It's not as if Logan wants to kill him any more, seriously. He's actually (surprisingly enough) completely calm, and told me at breakfast yesterday that having Scott out of the ventilation system would be the best thing, namely because he's having to cover some of his math lessons, when Hank's not able to fill in- Logan. In a classroom. The thought makes me laugh. I've been reliably informed that the resident Wolverine now wants to laugh at Scott, not stab him. After all, whilst Logan has no memory of the incident (sugar does that to him), and is a complete unknown. On the other hand, Scott can remember the whole thing, is a teacher (which means that he goes to conferences and the like) and has his shame immortalised forever all over the internet- including a website the students made; so I went and had a look. So sue me. I wasn't there at the time, and I thought that Scott was overreacting when he didn't come out for the first day (let alone the eighth...), and at that point, I could see why. Bobby, John and Jubilee caught the footage (it's done very well, to their credit, but that's against the point), a photo gallery was constructed, they added a directors commentary over the top of one video examining making out technique, telling Scott off for swearing, and other things that ensure that his reputation as a straight laced math teacher has been completely shot to hell.

That was completely irrational thought there, admittedly. Which moron traps themselves in a place with only one exit if they're being chased? Nit-wit. I suppose that he can be forgiven though; I don't think he's ever been chased by a guy before, let alone being put through kiss chase from someone who normally hates his guts, and he takes pleasure in not liking much in return. Although, Scott's very cute when he's flustered and has no idea what to do.

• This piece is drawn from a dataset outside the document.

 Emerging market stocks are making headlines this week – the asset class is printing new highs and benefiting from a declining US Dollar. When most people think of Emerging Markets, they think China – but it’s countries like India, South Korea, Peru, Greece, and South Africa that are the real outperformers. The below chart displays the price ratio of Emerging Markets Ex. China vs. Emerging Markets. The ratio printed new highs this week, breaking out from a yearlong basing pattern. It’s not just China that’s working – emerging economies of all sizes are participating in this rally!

I cannot believe he panicked, though. Scott doesn't panic. Normally he raises an eyebrow and moves on. What on earth happened: what thought processes went through his head at that moment? I hate to think. Something about Logan... not acting like Logan must have sent him round the twist. Great team leader, who gets thrown off course whenever someone acts even slightly strangely. No, that's stupid, let alone unfair. Let's attribute it to the fact that this is _Logan_ we're talking about- not anyone else (heck, Scott could stare down Magneto if he really wanted to). Logan who he doesn't like at all. Logan who steals his motorbike and tries to flirt with me. Logan who doesn't seem to recognise the ides of 'my territory. Back off and find your own.'

This doesn't mean that we're all being run ragged trying to do without him. Putting it in a matter of fact way, without Scott, the mansion would not -- does not -- function correctly. Danger room practice has been put on hold until we can get him out of the shafts, and knowing him (stubborn as a mule if he has to be), that's not going to happen any time soon.

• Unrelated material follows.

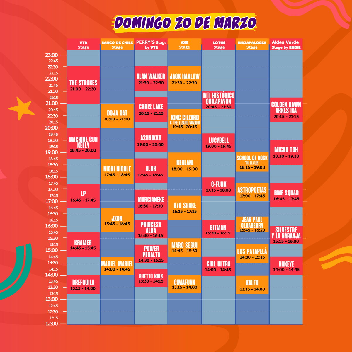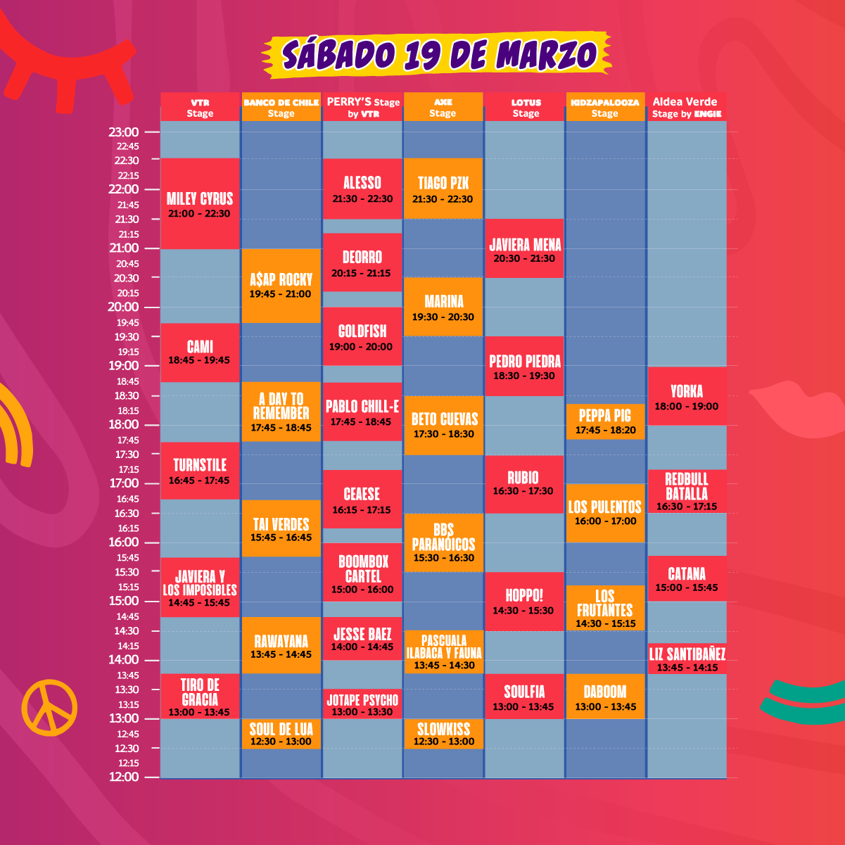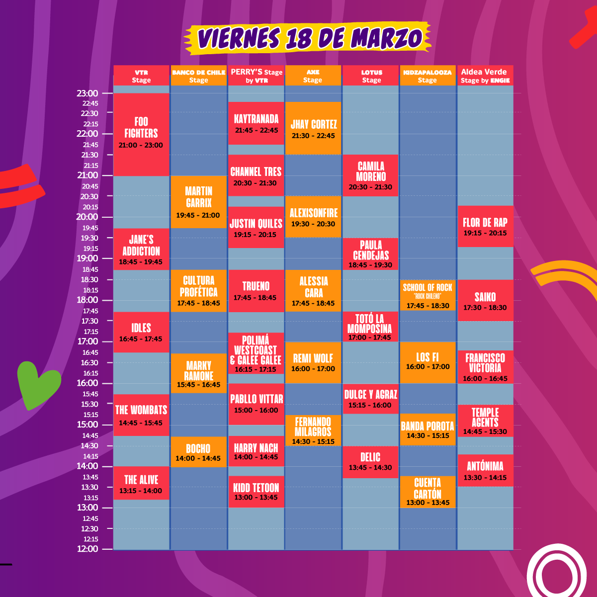 Te dejamos los horarios a continuación y que los topes entre artistas que deseas ver te sean leves:

I think I'll go and find him tomorrow. He's had enough time hiding in shame; plus, it's cold without him. Scott is remarkably warm, like a hot water bottle (he absorbs the sun's rays, retains the heat but loses the energy through his blasts) and it's freezing in this room without him. Another reason I need him back- he needs to fix the radiator in here.

**0-0-0-0-0**

Asked Charles where Scott is this morning, and he's going to look later (if using telepathy can be classed as looking, that is). Students are falling about with laughter because he can't show his face at the minute, I'm feeling sorry for him, and am sure that they won't entice him to come out of his hiding place. I'll go this evening: I can't spare any time right now because my current DNA sample is acting a bit weirdly, and I need to go monitor the situation. I'm sure that he can wait a couple of hours; in fact, it's his sample that's mucking me around at the minute. Damn you, Scott. Stupid DNA of yours is screwing up my correlation, and everyone else's samples have fitted in nicely, but yours just has to bugger up, doesn't it?

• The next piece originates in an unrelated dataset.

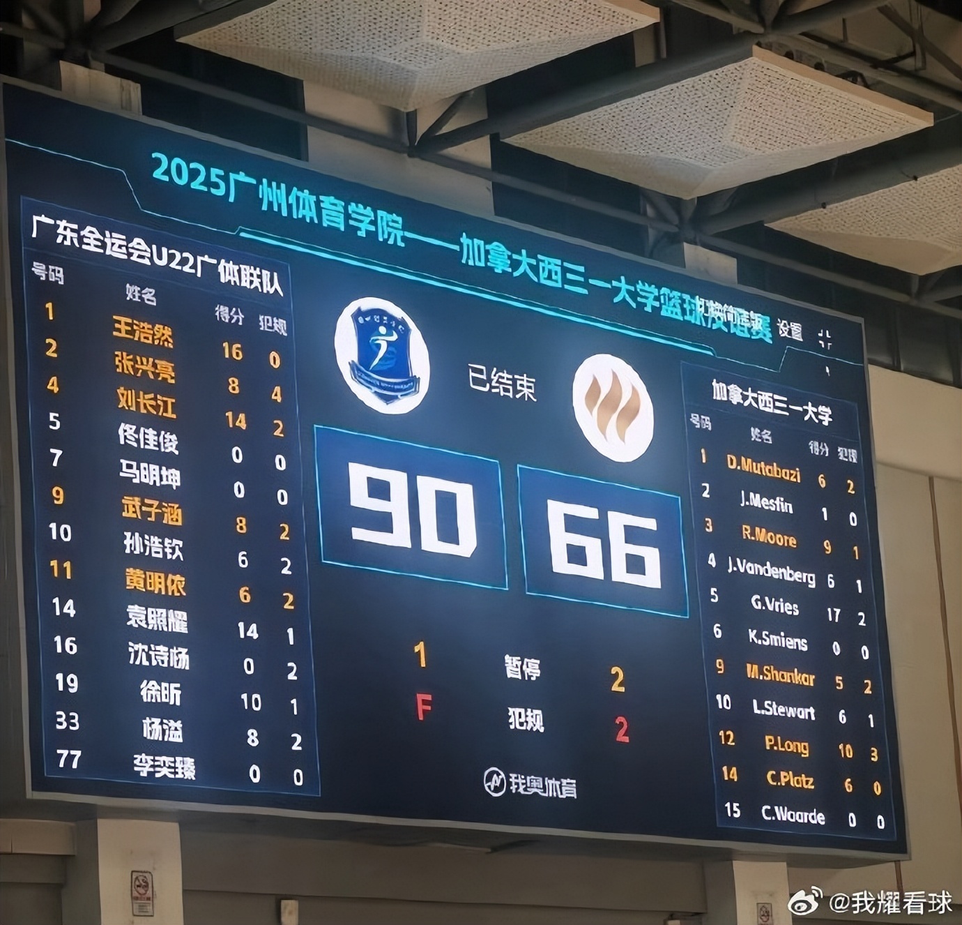 昨天,广东全运U22男篮来到了广州体育学院和加拿大西三一大学校队打了场友谊赛,最终以24分的优势轻取对手。

Ah, these things happen, I suppose. Must run: could call Hank too, to get his slant on the matter. He'd be interested, I think: and he might help with getting Scott out of the vents. You never know.

**0-0-0-0-0**

Am about to climb into the vents and find my somewhat elusive fiancé. Professor X is certain that he's not going anywhere and has told me that he will owe me a massive favour if I do manage to achieve the seemingly impossible; we're all tired of running ourselves ragged.

Damn you and your stubborn streak, Scott. Damn you.

If he'd come out before now, everything would be so much easier. Maybe he was waiting for half term, when some of the students would go home, I don't know. Trying to examine Scott's thoughts when he doesn't want you to is a nightmare: there's a mental equivalent of the Great Wall of China circling his mind. He's far too good at the mental blocking thing.

Anyway, never mind that. Things to do, places to go, sane minds to save, one ever so slightly paranoid, very stubborn twenty nine year old to pull out of the ventilation system and reassure that everything is all fine before letting him out to the slaughter... life never gets easier.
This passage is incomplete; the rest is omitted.